The word “consumerism” seems to imply that the act of consuming is the essence of our being, something more profound than what existentialism or Freudianism were hinting at. I understand that pushing a shopping cart and loading it with things that we decide all by ourselves to pick from the shelves can occasionally give us a sense of freedom. But enlightenment?
The word “consumerism”, according to Merriam-Webster, can mean two different things.
1) the promotion of the consumer’s interests
2) the theory that an increasing consumption of goods is economically desirable; also a preoccupation with and an inclination toward the buying of consumer goods
Limitless consumption is something we feel we are against. But being “anti” is hardly ever effective marketing. On the contrary, it creates negative atmosphere, which is exactly the kind of environment that makes people want to “go shopping“.

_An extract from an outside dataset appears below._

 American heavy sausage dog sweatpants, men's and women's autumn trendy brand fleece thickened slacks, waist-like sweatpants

To be sure, the term “green consumerism” does yield over 90,000 search results on the big G, and it “refers to recycling, purchasing and using eco-friendly products that minimize damage to the environment.”
Minimize – not revert.
Of course, consumers can do a lot to help mother nature, or to improve the health of ecosystems. They can change en masse to using only recycled products, to plant a native tree or two for every pound of palm oil they consume.

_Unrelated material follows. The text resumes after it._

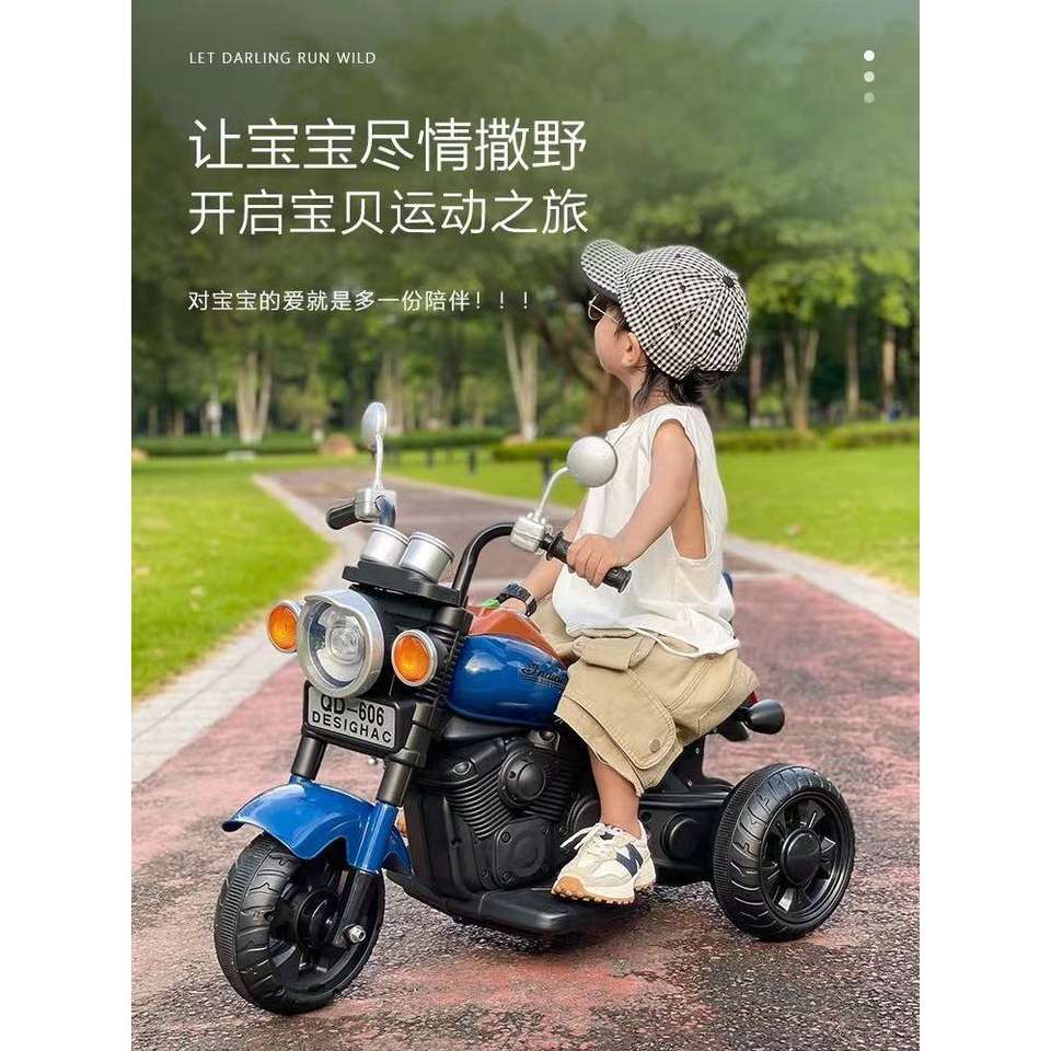 Kids Electric Motorcycle Tricycle Ride On Toy Rechargeable For 1-3 Years Old Children Blue Orange Color

All these actions are great, but they need an abundance of a resource we don’t have: time.
It seems unlikely that a variety of “consumerism”, the preoccupation with and inclination toward the buying of consumer goods, is a solution to anything.
From this perspective, collaborative consumption is merely a means to an end. What overshadows the cuddly warmth of the sharing economy is that we as a society have to lower overall consumption of resources or perish. We have to abolish the transformation of nature into products in order to halt the destruction that is inherent in the process.
If we approach the many creative ventures that we see today from this perspective, we need to ask a different set of questions and develop different benchmarks for start-ups in the collaborative economy.
Instead of asking “how quickly does shareholder value grow?” we ask “how many cars are taken off the road because of car sharing communities?”
We ask “How many power drills have not been produced every year because of tool sharing communities?”
We ask “How many apartments have not been built because of social co-housing communities?”
We ask “How many passenger miles have not been traveled because of car sharing communities?”
We ask “How many invaluable water resources have not been used up for cotton growth because of cloth swapping communities?”
Sure, such communities can still focus on their own growth (an inescapable side-effect of being funded by venture capital), but that growth has natural limits. When all cars and tools and things are shared, and all vacant bedrooms are filled, the sharing economy reaches a “steady-state” – something anathema to the conventional economic model.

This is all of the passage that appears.